Segment Start: Data extracts
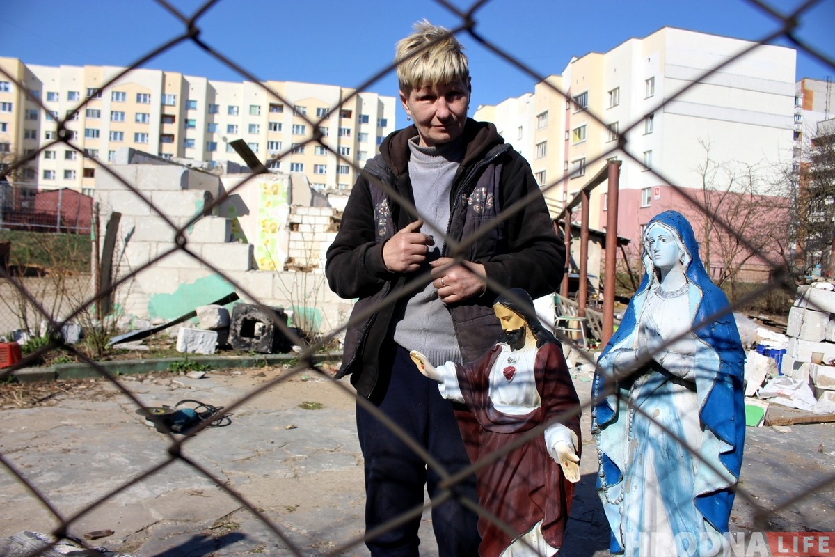 «Лучше бы нас не трогали. Комнатку не сравнишь с дачей, — говорит Галина Рутько. — Мы всю жизнь росли на земле, а сейчас нам даже не предоставляют никакого куска. Вот мы хотели взять землю за городом и перенести дом. Проехали по окраине, сколько дач заброшенных, но никто взамен ничего не дал. Даже и не знаю, куда государство смотрит. Нам сказали, что в Гродно дома не переносят. Выбирайте, либо деньги, либо двухкомнатную квартиру в соседней многоэтажке. Выбрали последний вариант, переезжаем туда втроём. Собака, два кота пойдут тоже с нами в квартиру, на улице их не оставишь же. Статуи святых отдадим в первый дом, сказали, что до сентября его сносить не будут. А там уже, наверное, в костел заберут, как и крест при въезде в бывшую деревню. Вот и всё, скоро закончится эта история».
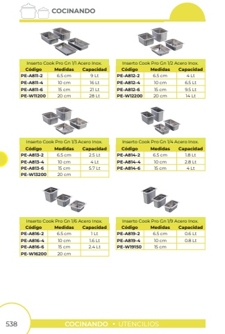 538COCINANDOUTENCILIOSCOCINANDOPE-A811-2PE-A813-2PE-A816-2PE-A819-2PE-A814-2PE-A812-2PE-A811-4PE-A813-4PE-A816-4PE-A819-4PE-A814-4PE-A812-4PE-A811-6PE-A813-6PE-A816-6PE-W19150PE-A814-6PE-A812-6PE-W11200PE-W13200PE-W16200PE-W122006.5 cm6.5 cm6.5 cm6.5 cm6.5 cm6.5 cm10 cm10 cm10 cm10 cm10 cm10 cm15 cm15 cm15 cm15 cm15 cm15 cm20 cm20 cm20 cm20 cm9 Lt2.5 Lt1 Lt0.6 Lt1.8 Lt4 Lt16 Lt4 Lt1.6 Lt0.8 Lt2.8 Lt6.5 Lt21 Lt5.7 Lt2.4 Lt4 Lt9.5 Lt28 Lt14 LtC%u00f3digoC%u00f3digoC%u00f3digoC%u00f3digoC%u00f3digoC%u00f3digoInserto Cook Pro Gn 1/1 Acero Inox.Inserto Cook Pro Gn 1/3 Acero Inox.Inserto Cook Pro Gn 1/6 Acero Inox.Inserto Cook Pro Gn 1/9 Acero Inox.Inserto Cook Pro Gn 1/4 Acero Inox.Inserto Cook Pro Gn 1/2 Acero Inox.MedidasMedidasMedidasMedidasMedidasCapacidadMedidasCapacidadCapacidadCapacidadCapacidadCapacidad
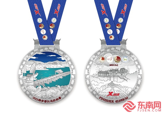 2023特步晋江马拉松赛完赛奖牌。主办方 供图 值得一提的是,本届晋马将在安平桥及草庵(摩尼光佛)两个世遗点周边组织丰富多彩的文旅活动,展示晋江文化旅游活动魅力,让跑友得到更多参与感和获得感。 发布会上还公布晋马完赛奖牌和参赛服。其中,奖牌呈圆形,寓意着阔别重逢的圆满。奖牌正面中央以写实的方式呈现安平桥的壮美景观,蓝天白云下,浪花飞扬,船舶从晋江出发,带着使命和希冀奔赴远方,与世界激情相拥。奖牌背面上半部分是草庵的建筑外观,下半部分是“最美赛道”世纪大道,美人树林立。奖牌外圈镶嵌着“出砖入石”的纹饰,奖牌挂耳是“燕尾脊”,两者都是闽南传统建筑特色,进一步彰显了晋江的地域文化特色。参赛服由特步设计开发,服装正面印花为“爱拼敢赢”,背面印花为“畅跑海丝路,晋马世遗情”,服装正反面底部被浪花所环绕,代表千年前的海丝路从这里启航,传颂着晋江敢为人先、生生不息的奋斗精神。 现场,还举行了2024晋江农商银行“穿越三山”越野赛冠名赞助商战略合作签约仪式。作为闽南地区知名城市轻越野比赛,2024晋江农商银行“穿越三山”越野赛将于2024年3月10日在福建晋江举行,搭建全民健身互动和交流平台,展示大美晋江。 自2016年创办以来,晋江马拉松的赛事水平和影响力不断提升。2017年,晋江首次举办全程马拉松即荣膺铜牌赛事,2018年获银牌赛事和特色赛事两项殊荣,2019年更是荣获金牌赛事称号,吸引了20个国家和地区、近1.5万名跑友参加,创造了新的赛会纪录。 近年来,晋江以打造中国体育城市为目标,强化赛事谋划布局,引进举办了一批国际、国内有影响力的赛事。去年晋江举办了全国、省级赛事17项,连续落地NEST全国电子竞技大赛、中超联赛、WCBA联赛三大全国赛事,有力擦亮晋江体育城市名片,推动文体旅融合发展。 今年来,晋江持续加强赛事引进和举办,截至目前,已举办CBA常规赛、中乙联赛、国际大体联足球世界杯中国大学生足球代表队选拔赛、福建省2023年和美乡村篮球大赛、全国和美乡村篮球大赛东南赛区大区赛、晋江国际男篮精英赛等全国、省级赛事,精彩赛事轮番上演,掀起了一波波“体育热”“赛事热”。 “晋江马拉松赛是我市自主培育的品牌赛事,今年晋江马拉松赛在赛事主题、比赛路线、配套活动等方面进行了优化升级,将进一步提升赛事质量和民众参与度,让‘晋马’成为展现晋江、宣传晋江的窗口,也是晋江打造高品质Ⅱ型大城市的重要抓手。”晋江市人民政府副市长吴尊意如是说。 2023特步晋江马拉松赛由中国田径协会认证,福建省田径协会指导,晋江市人民政府主办,晋江经济报社承办,晋江市跑步协会、晋江市健跑协会、晋江市长跑协会支持。 |
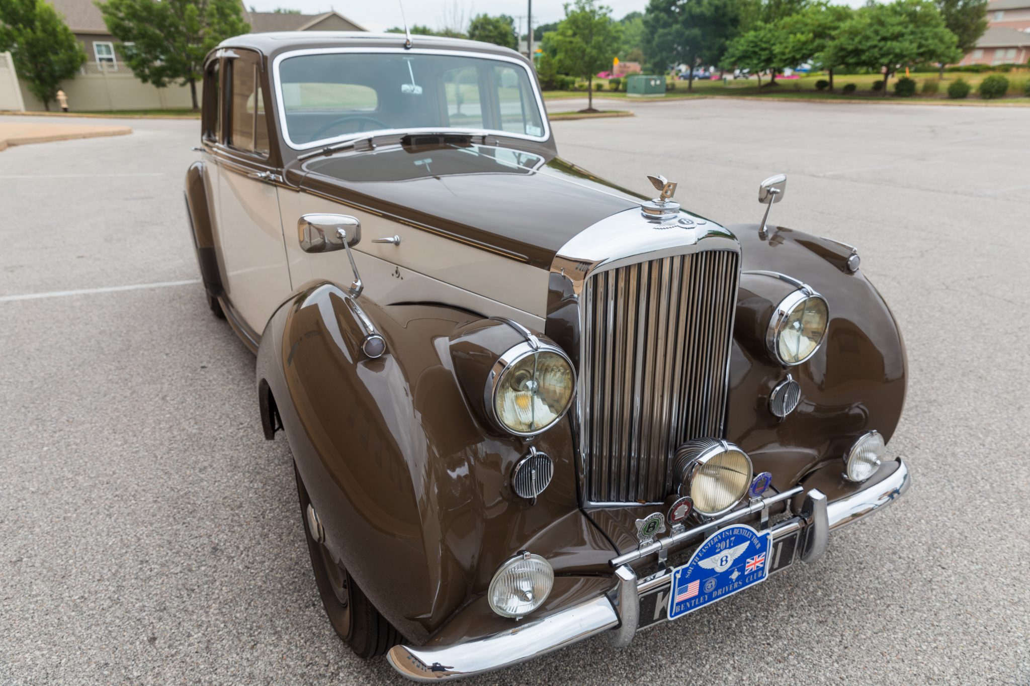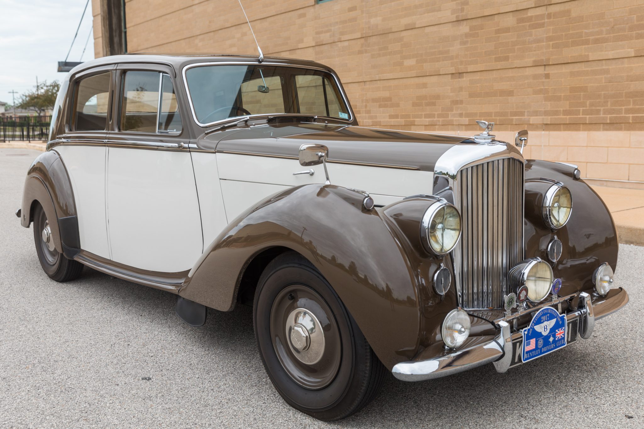 Exterior details include semaphore turn signals concealed in the B-pillars, a roof-mounted antenna, dual fender mirrors, rear wheel skirts, and a badge bar that holds a center-mounted driving light and several Bentley club emblems ahead of the grille. Body-colored steel wheels wear Bentley hubcaps as well as BFGoodrich Silvertown tires and inner tubes that were installed under current ownership.
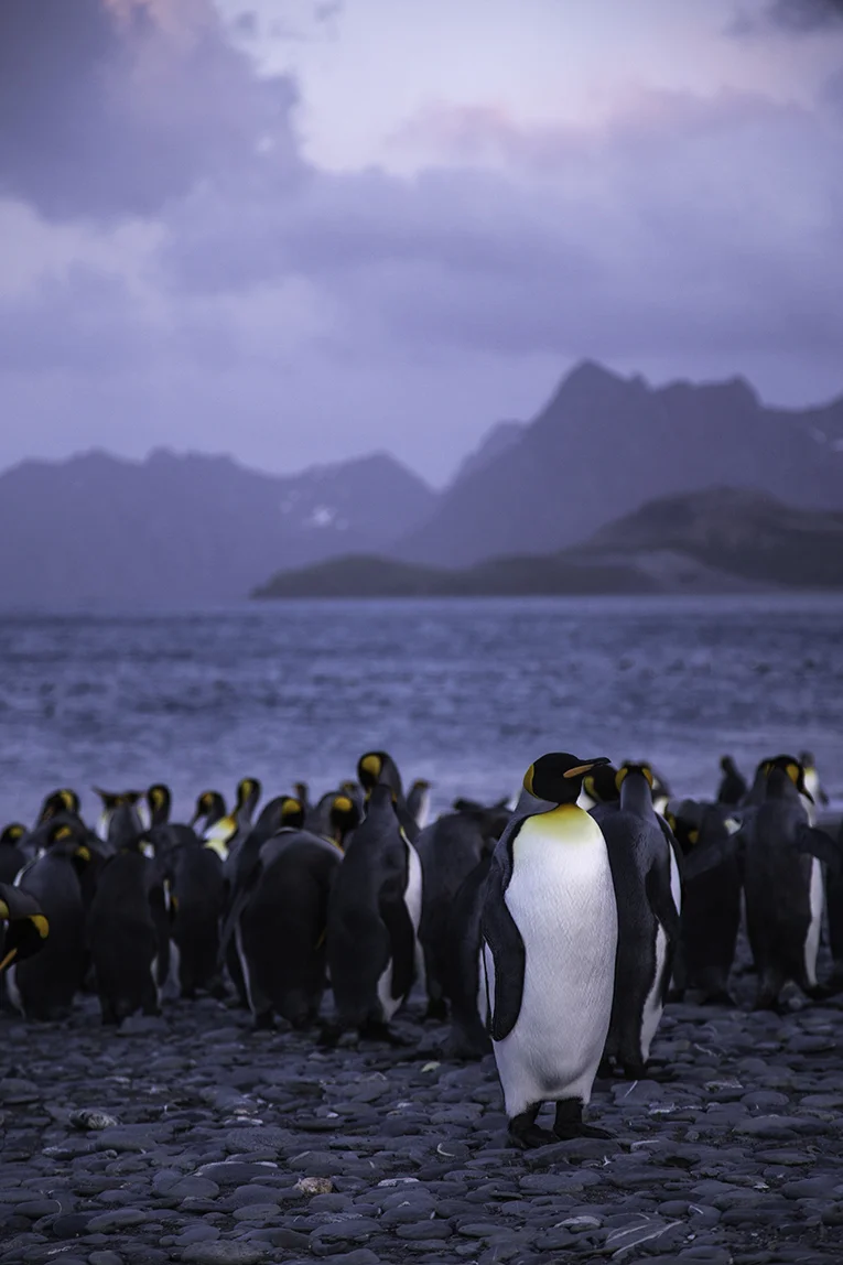 Salisbury Plain is situated on the southern shore of the Bay of Isles, approximately 31 miles from the western tip of South Georgia. Created by the outwash from the retreat of the Grace Glacier, this area evolved to South Georgia's largest parcel of level land. Consequently, the second largest colony of king penguins now occupies this beach with up to an estimated 60,000 breeding pairs present. This number expands to approximately 250,000 individuals during the molt.
Segment End: Data extracts
## Instructions for the task
Each entry should be copied exactly as written, though any pictures stay out.

## Task solution
 «Лучше бы нас не трогали. Комнатку не сравнишь с дачей, — говорит Галина Рутько. — Мы всю жизнь росли на земле, а сейчас нам даже не предоставляют никакого куска. Вот мы хотели взять землю за городом и перенести дом. Проехали по окраине, сколько дач заброшенных, но никто взамен ничего не дал. Даже и не знаю, куда государство смотрит. Нам сказали, что в Гродно дома не переносят. Выбирайте, либо деньги, либо двухкомнатную квартиру в соседней многоэтажке. Выбрали последний вариант, переезжаем туда втроём. Собака, два кота пойдут тоже с нами в квартиру, на улице их не оставишь же. Статуи святых отдадим в первый дом, сказали, что до сентября его сносить не будут. А там уже, наверное, в костел заберут, как и крест при въезде в бывшую деревню. Вот и всё, скоро закончится эта история».
 538COCINANDOUTENCILIOSCOCINANDOPE-A811-2PE-A813-2PE-A816-2PE-A819-2PE-A814-2PE-A812-2PE-A811-4PE-A813-4PE-A816-4PE-A819-4PE-A814-4PE-A812-4PE-A811-6PE-A813-6PE-A816-6PE-W19150PE-A814-6PE-A812-6PE-W11200PE-W13200PE-W16200PE-W122006.5 cm6.5 cm6.5 cm6.5 cm6.5 cm6.5 cm10 cm10 cm10 cm10 cm10 cm10 cm15 cm15 cm15 cm15 cm15 cm15 cm20 cm20 cm20 cm20 cm9 Lt2.5 Lt1 Lt0.6 Lt1.8 Lt4 Lt16 Lt4 Lt1.6 Lt0.8 Lt2.8 Lt6.5 Lt21 Lt5.7 Lt2.4 Lt4 Lt9.5 Lt28 Lt14 LtC%u00f3digoC%u00f3digoC%u00f3digoC%u00f3digoC%u00f3digoC%u00f3digoInserto Cook Pro Gn 1/1 Acero Inox.Inserto Cook Pro Gn 1/3 Acero Inox.Inserto Cook Pro Gn 1/6 Acero Inox.Inserto Cook Pro Gn 1/9 Acero Inox.Inserto Cook Pro Gn 1/4 Acero Inox.Inserto Cook Pro Gn 1/2 Acero Inox.MedidasMedidasMedidasMedidasMedidasCapacidadMedidasCapacidadCapacidadCapacidadCapacidadCapacidad
 2023特步晋江马拉松赛完赛奖牌。主办方 供图 值得一提的是,本届晋马将在安平桥及草庵(摩尼光佛)两个世遗点周边组织丰富多彩的文旅活动,展示晋江文化旅游活动魅力,让跑友得到更多参与感和获得感。 发布会上还公布晋马完赛奖牌和参赛服。其中,奖牌呈圆形,寓意着阔别重逢的圆满。奖牌正面中央以写实的方式呈现安平桥的壮美景观,蓝天白云下,浪花飞扬,船舶从晋江出发,带着使命和希冀奔赴远方,与世界激情相拥。奖牌背面上半部分是草庵的建筑外观,下半部分是“最美赛道”世纪大道,美人树林立。奖牌外圈镶嵌着“出砖入石”的纹饰,奖牌挂耳是“燕尾脊”,两者都是闽南传统建筑特色,进一步彰显了晋江的地域文化特色。参赛服由特步设计开发,服装正面印花为“爱拼敢赢”,背面印花为“畅跑海丝路,晋马世遗情”,服装正反面底部被浪花所环绕,代表千年前的海丝路从这里启航,传颂着晋江敢为人先、生生不息的奋斗精神。 现场,还举行了2024晋江农商银行“穿越三山”越野赛冠名赞助商战略合作签约仪式。作为闽南地区知名城市轻越野比赛,2024晋江农商银行“穿越三山”越野赛将于2024年3月10日在福建晋江举行,搭建全民健身互动和交流平台,展示大美晋江。 自2016年创办以来,晋江马拉松的赛事水平和影响力不断提升。2017年,晋江首次举办全程马拉松即荣膺铜牌赛事,2018年获银牌赛事和特色赛事两项殊荣,2019年更是荣获金牌赛事称号,吸引了20个国家和地区、近1.5万名跑友参加,创造了新的赛会纪录。 近年来,晋江以打造中国体育城市为目标,强化赛事谋划布局,引进举办了一批国际、国内有影响力的赛事。去年晋江举办了全国、省级赛事17项,连续落地NEST全国电子竞技大赛、中超联赛、WCBA联赛三大全国赛事,有力擦亮晋江体育城市名片,推动文体旅融合发展。 今年来,晋江持续加强赛事引进和举办,截至目前,已举办CBA常规赛、中乙联赛、国际大体联足球世界杯中国大学生足球代表队选拔赛、福建省2023年和美乡村篮球大赛、全国和美乡村篮球大赛东南赛区大区赛、晋江国际男篮精英赛等全国、省级赛事,精彩赛事轮番上演,掀起了一波波“体育热”“赛事热”。 “晋江马拉松赛是我市自主培育的品牌赛事,今年晋江马拉松赛在赛事主题、比赛路线、配套活动等方面进行了优化升级,将进一步提升赛事质量和民众参与度,让‘晋马’成为展现晋江、宣传晋江的窗口,也是晋江打造高品质Ⅱ型大城市的重要抓手。”晋江市人民政府副市长吴尊意如是说。 2023特步晋江马拉松赛由中国田径协会认证,福建省田径协会指导,晋江市人民政府主办,晋江经济报社承办,晋江市跑步协会、晋江市健跑协会、晋江市长跑协会支持。 |
 Exterior details include semaphore turn signals concealed in the B-pillars, a roof-mounted antenna, dual fender mirrors, rear wheel skirts, and a badge bar that holds a center-mounted driving light and several Bentley club emblems ahead of the grille. Body-colored steel wheels wear Bentley hubcaps as well as BFGoodrich Silvertown tires and inner tubes that were installed under current ownership.
 Salisbury Plain is situated on the southern shore of the Bay of Isles, approximately 31 miles from the western tip of South Georgia. Created by the outwash from the retreat of the Grace Glacier, this area evolved to South Georgia's largest parcel of level land. Consequently, the second largest colony of king penguins now occupies this beach with up to an estimated 60,000 breeding pairs present. This number expands to approximately 250,000 individuals during the molt.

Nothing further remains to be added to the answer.